(DATASET EXCERPTS)
((

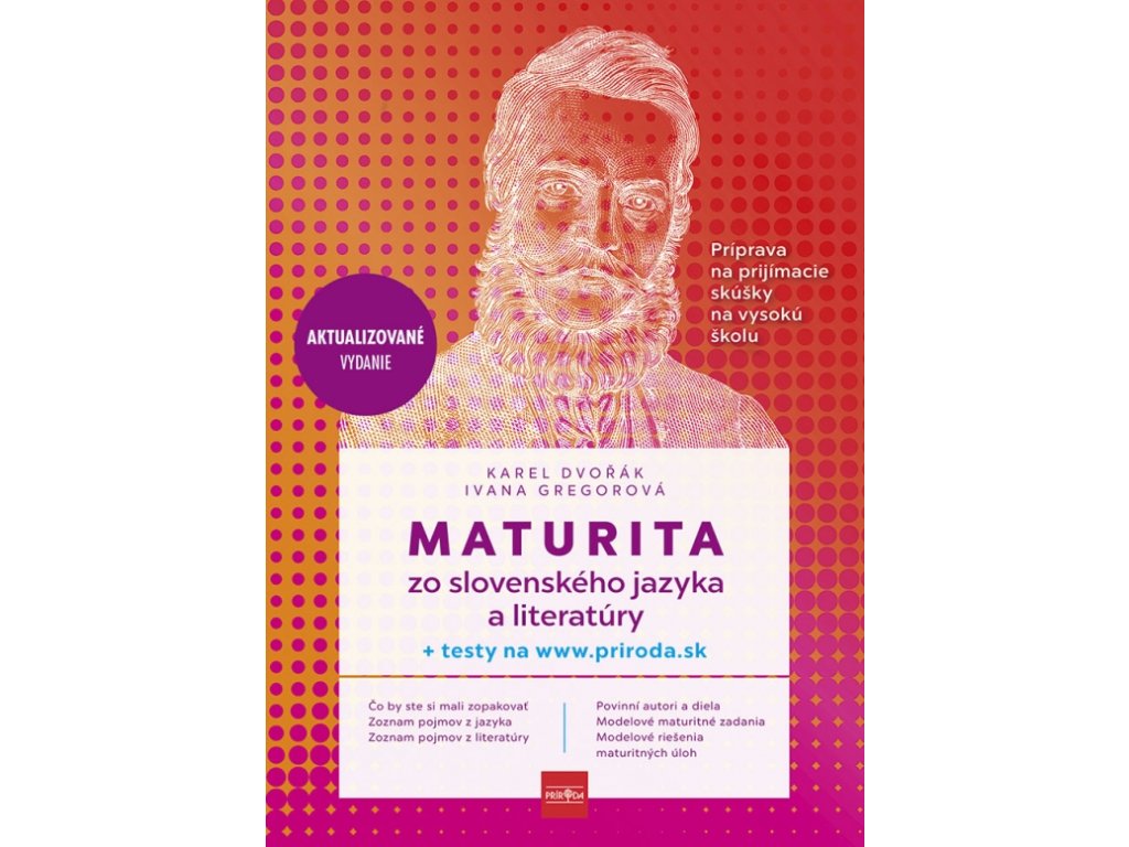 Príručka je určená študentom gymnázií a stredných odborných škôl, ktorí sa pripravujú na maturitnú skúšku zo slovenského jazyka a literatúry. Nájdu v nej 30 modelových maturitných zadaní zo všetkých oblastí jazyka a literatúry, ako aj informácie o súčasnej koncepcii maturitnej skúšky.Úlohy však prinášajú aj rozširujúce učivo, ktoré výborne poslúži všetkým uchádzačom o štúdium na vysokých školách so spoločenskovedným zameraním. Test prístupný na www.priroda.sk umožní študentom preveriť si svoje nadobudnuté vedomosti.
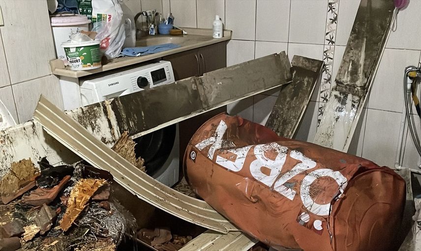 Çeştepe Mahallesi'nde ise bir binanın çatısından düşen güneş enerjisi su tankı, yan taraftaki binanın çatısına isabet etti ve çatıdan evin banyosuna girdi. Ayrıca, Zeybek Mahallesi 1529 Sokak'ta park halindeki bir araca da bir ayrı apartmanın çatı katındaki su tankı düştü. Olayı duyan aracın sahibi, büyük bir gürültü sonrası dışarı çıktığında bu görüntüyle karşılaştı.
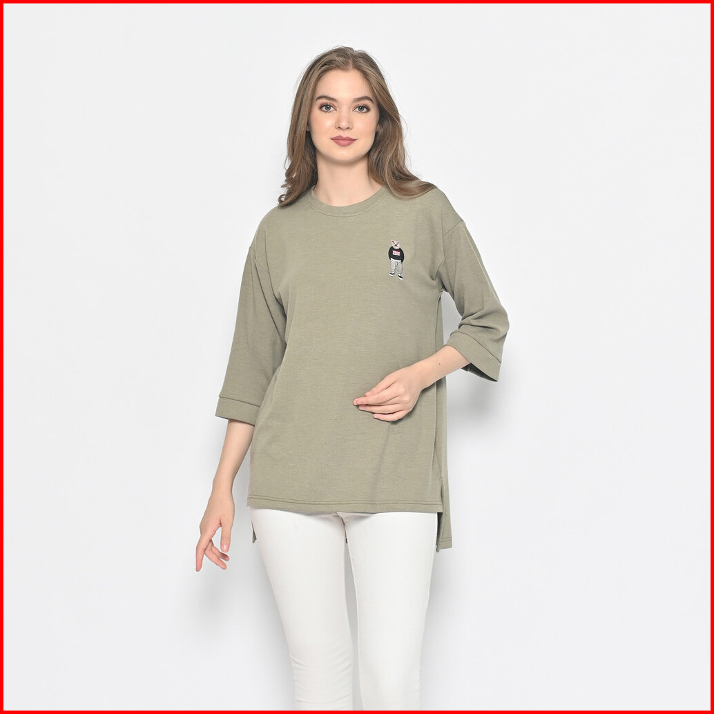 Queentin Kaos Wanita Casual 0231 Stretch Snowy Rib Knit Polos Lengan Panjang 3 4
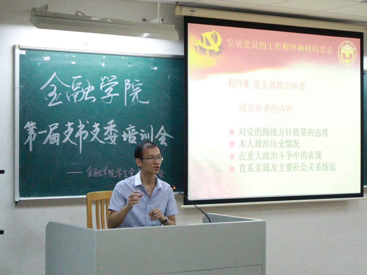 会议伊始,叶祥杰老师对金融党建的工作表示了充分肯定。然后,叶老师开始了详细的党务知识培训。他着重讲了发展党员的各项工作,指出了工作的方针、原则和思路,强调了“两个重点”、“三个注重”和“四个培养”。在培训过程中,叶老师指出了以往党员材料中的常犯、易犯错误点,同时对支部召开转正大会时间及转正党员的出席进行了强调,要求各支部严格把关。最后,他提醒大家多多加强联系以提高工作效率,起到模范带头作用。
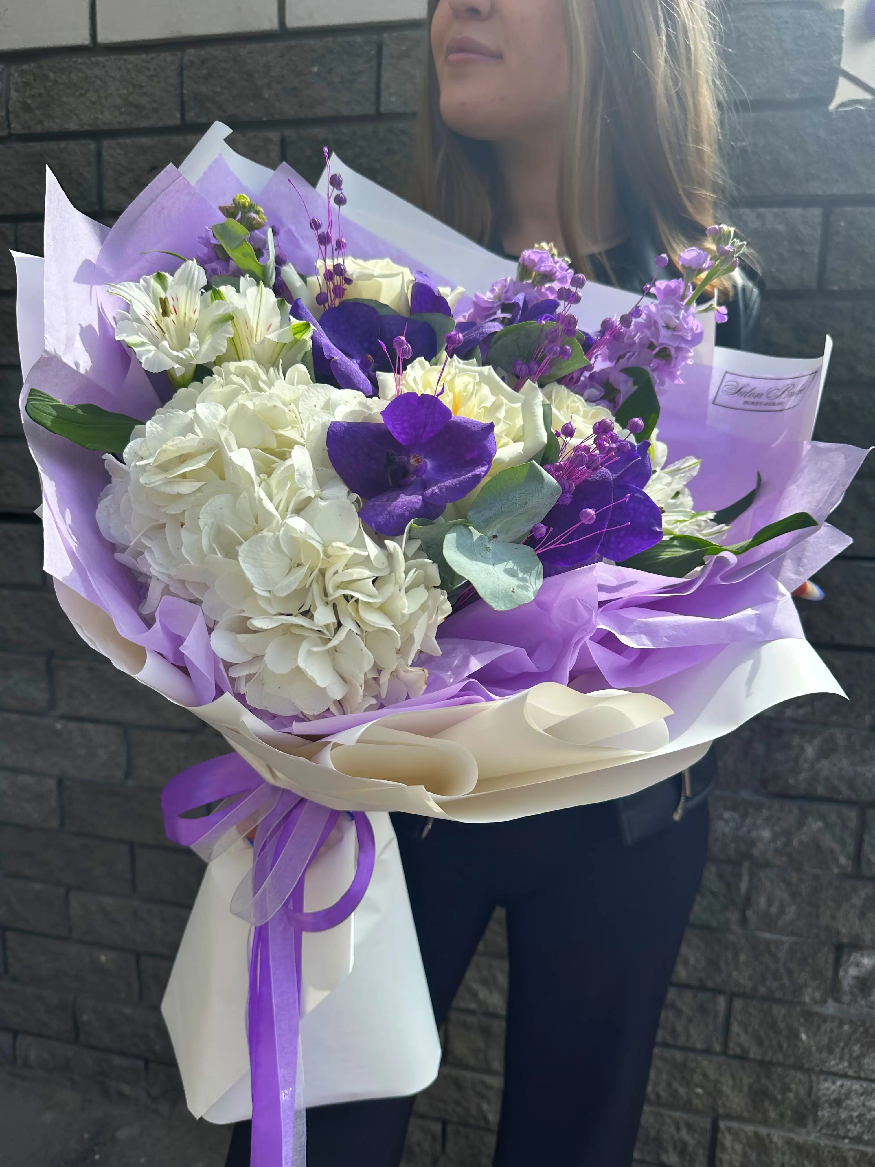 Букет с вандой и гортензией - пример оформления на фото. Состоит из: Ванда - 5 шт,
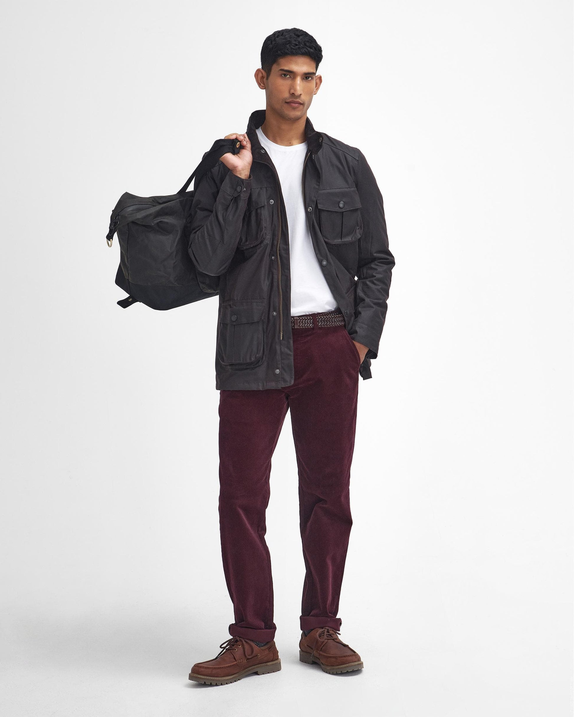 The Corbridge is a rugged utility-style men's waxed jacket updated with a contemporary engineered fit. With winter in mind, this multi-functional jacket is constructed in Barbour's hardy 6oz Sylkoil waxed cotton with a comfortable, lightweight Nylon lining quilted to 50g wadding, for additional warmth. The corduroy-lined funnel collar features an integral Nylon hood complete with adjustable toggles for a perfect fit, offering wet-weather defence when needed but easily stowed away in the collar on dry days. Built to offer comfort and protection to those who are active outdoors in any weather, the Corbridge benefits from adjustable cuffs, a robust two-way zip, a storm fly front with stud fastenings and an action back. The classic four-pocket detail adds a stylish, practical feature that keeps essentials safe and hands free. Available in a choice of three versatile colours. As this is a slim fitting jacket, we would advise purchasing the next size up than you would normally choose.
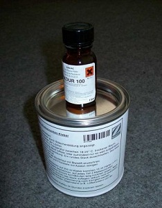 6) 2-comp. lepila dobro premešamo v razmerju: zmešajte 1 del lepila z 1 delom trdilca lepila (tj. celotni znesek trdilca s skupno razpoložljivo količino lepila).
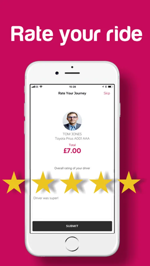 Order your ride in a few taps, re-book by using your journey history, know who’s picking you up (TOM driving a BLACK MERCEDES LP65 HNM is 6 minutes away) and rate your driver with our must have app!
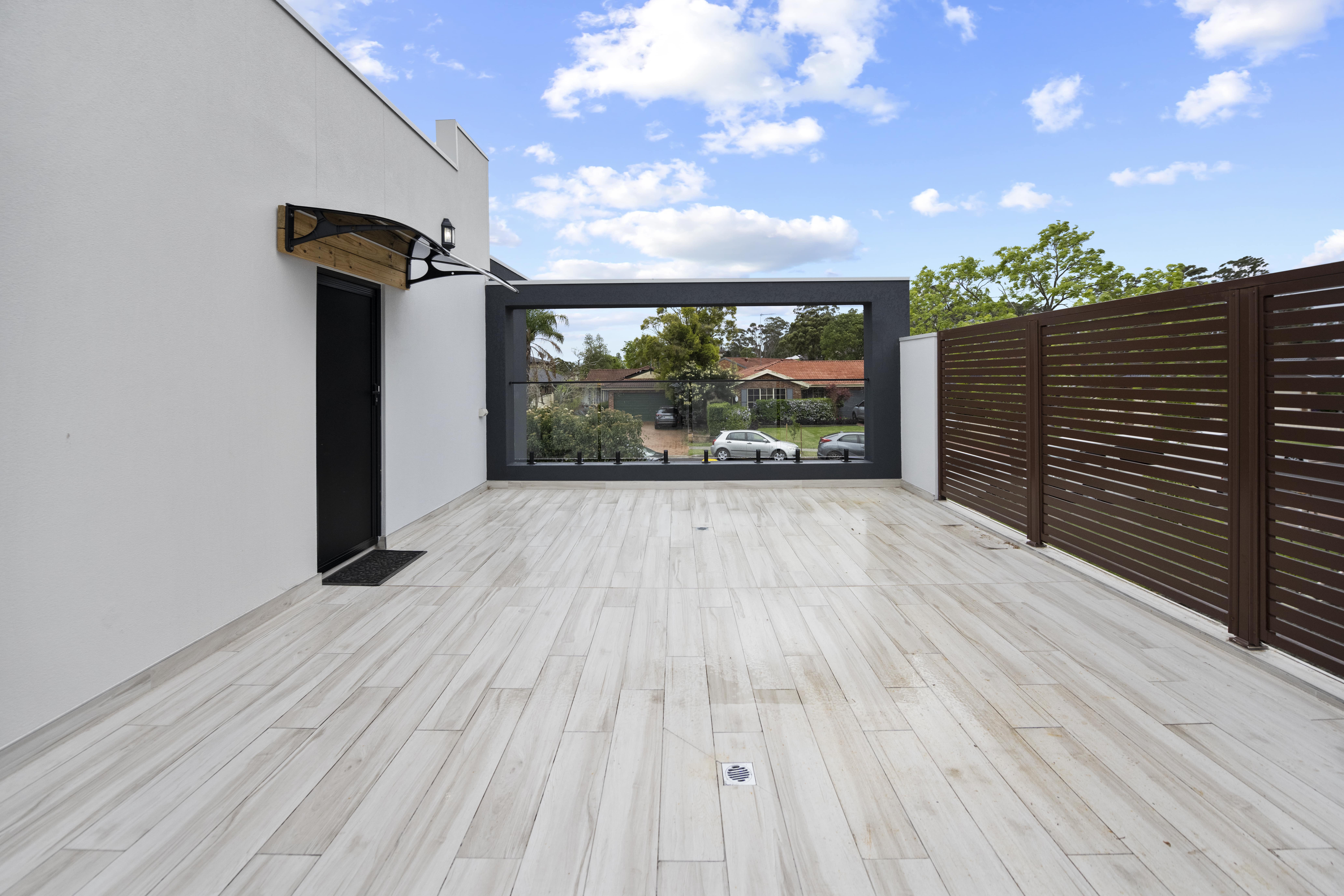 Expansive alfresco and balcony areas with tiled flooring and glass balustrades

))

(YOUR ASSIGNMENT)
Look above for the line with "Queentin Kaos Wanita" and the line with "Букет с вандой", then copy them and all lines in between exactly as written, and only those, without any pictures.

(TASK RESPONSE)
 Queentin Kaos Wanita Casual 0231 Stretch Snowy Rib Knit Polos Lengan Panjang 3 4
 会议伊始,叶祥杰老师对金融党建的工作表示了充分肯定。然后,叶老师开始了详细的党务知识培训。他着重讲了发展党员的各项工作,指出了工作的方针、原则和思路,强调了“两个重点”、“三个注重”和“四个培养”。在培训过程中,叶老师指出了以往党员材料中的常犯、易犯错误点,同时对支部召开转正大会时间及转正党员的出席进行了强调,要求各支部严格把关。最后,他提醒大家多多加强联系以提高工作效率,起到模范带头作用。
 Букет с вандой и гортензией - пример оформления на фото. Состоит из: Ванда - 5 шт,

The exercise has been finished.